On Wednesday, Meta unveiled “Imagine with Meta AI,” a free, standalone website that utilizes their Emu image synthesis algorithm to generate artificial intelligence images. Meta trained the AI model to generate a new image from a textual prompt using 1.1 billion publicly viewable images on Instagram and Facebook. Instagram, other messaging, and social media applications were the only ones that could use Meta’s version of the technology.
A photo of you (or one you captured) would likely be essential in Emu’s training if you are active on Instagram or Facebook. The ancient adage “If you’re not paying for it, you are the product” has assumed a somewhat different connotation nowadays. Meta utilized a limited sample of Instagram’s total photo library to train its AI model, even though users submitted over 955 million photos every day as of 2016.
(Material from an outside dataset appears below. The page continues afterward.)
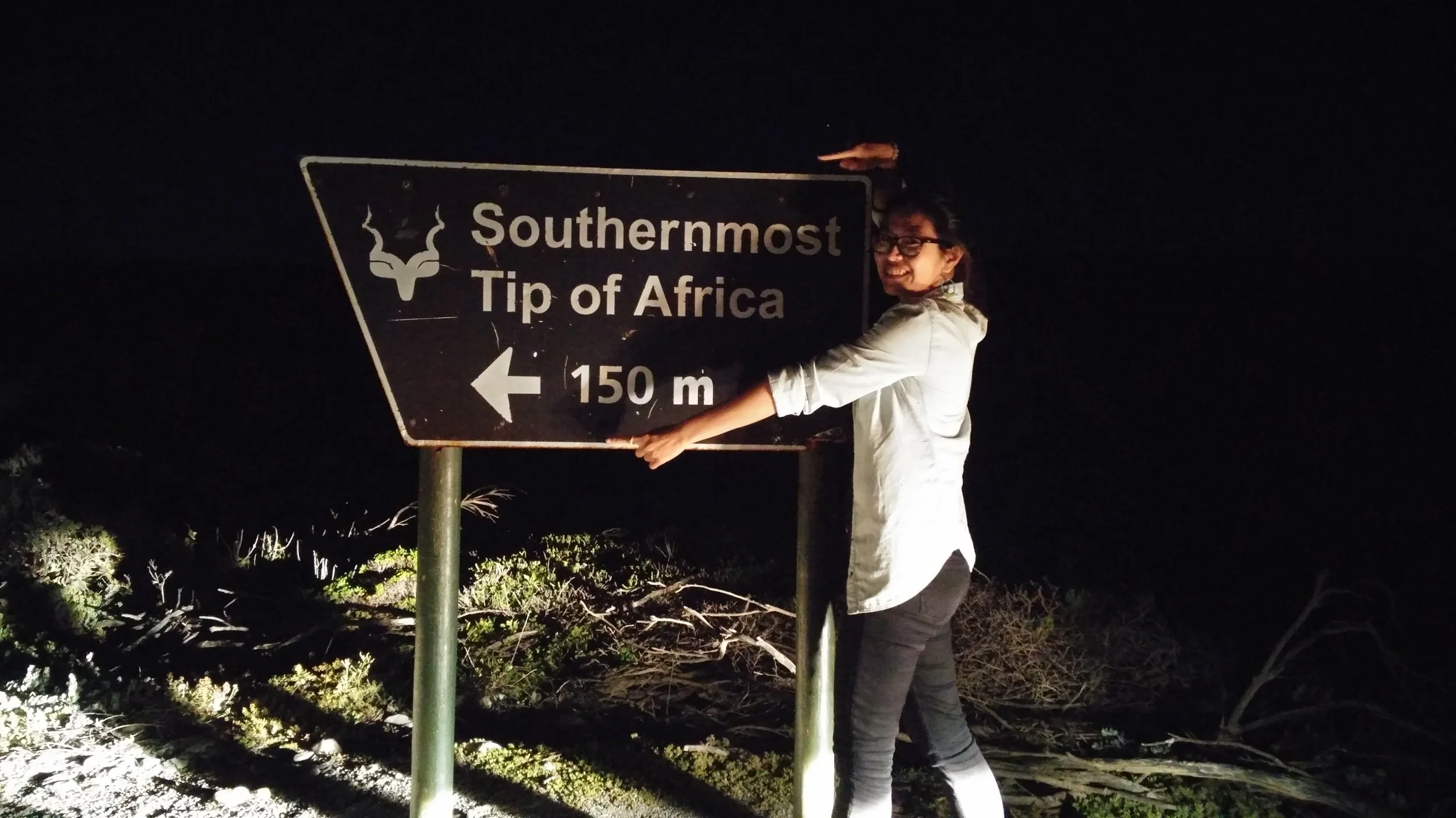 Macey at Cape Agulhas, the Southernmost tip of Africa where the Indian and Atlantic Oceans meet.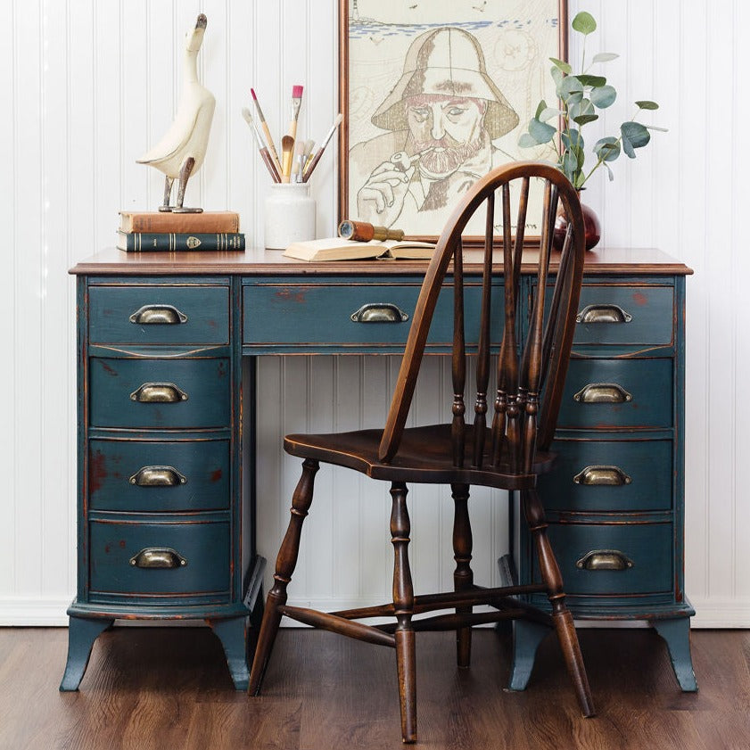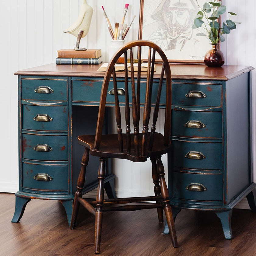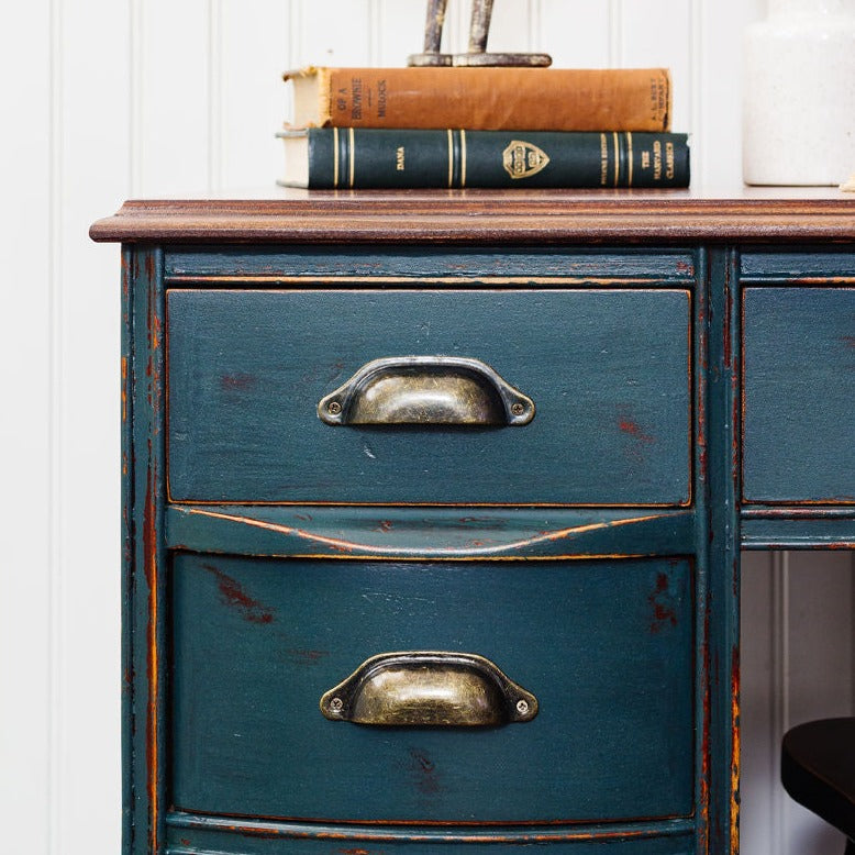 Milk Paint ist berühmt für seinen „Chippy“-Look, der entsteht, wenn die Farbe ohne vorheriges Schleifen auf eine zuvor gestrichene Oberfläche aufgetragen wird. Es platzt in bestimmten Bereichen ab und erzeugt so einen authentischen Look mit Zeitabnutzung.

You can be assured that your Instagram or Facebook images won’t be used to train Meta’s AI models in the future if you set them to private. That is until the firm decides to modify its policy.
Using what it “knows” about visual concepts learned from the training data, imagine that Meta AI generates new visuals, much like Stable Diffusion, DALL-E 3, and Midjourney. You can import your existing Facebook or Instagram account to create a Meta account, which is necessary for image creation on the new platform. Four JPEG-format photos with dimensions of 1280×1280 pixels are generated for every generation. A little “Imagined with AI” watermark logo appears at the “bottom left-hand corner” of the images.
“We’ve enjoyed hearing from people about how they’re using imagine, Meta AI’s text-to-image generation feature, to make fun and creative content in chats,” according to a release from Meta. “Today, we’re expanding access to imagine outside of chats, making it available in the US to start at imagine.meta.com. This standalone experience for creative hobbyists lets you create images with technology from Emu, our image foundation model.”
Using our”Cat with a Beer” picture synthesis protocols, we ran a series of casual, low-stakes tests on Meta’s new AI image generator and discovered some visually interesting outcomes, as shown up top. (By the way, we found that a lot of the human-generated Emu photographs resembled the average Instagram fashion posts.)
AI-generated images of “a cat in a car holding a can of beer” created by Meta Emu on the “Imagine with Meta AI” website
Compared to Midjourney, Meta’s model does a decent job of producing photorealistic photos. While it may fall short of DALL-E 3, it excels at handling complicated cues compared to Stable Diffusion XL. It manages several media outputs with varying degrees of success, including watercolors, needlework, and pen-and-ink, but it needs to improve at producing text. People from all walks of life and all corners of the globe appear in its depictions. In terms of modern artificial intelligence picture synthesis, it seems to be about average.
Thanks to Instagram and Facebook, this is now a reality.
An AI-generated image of a “psychedelic emu” created on the “Imagine with Meta AI” website
In light of this, what is known about Emu, the AI model that powers Meta’s latest AI picture production capabilities? According to a study published by Meta in September, Emu’s capacity to produce high-quality photos is derived from a procedure known as “quality-tuning.” After pre-training, Emu prioritizes “aesthetic alignment” with a small selection of aesthetically pleasing images, as opposed to conventional text-to-image models that use a vast number of image-text combinations.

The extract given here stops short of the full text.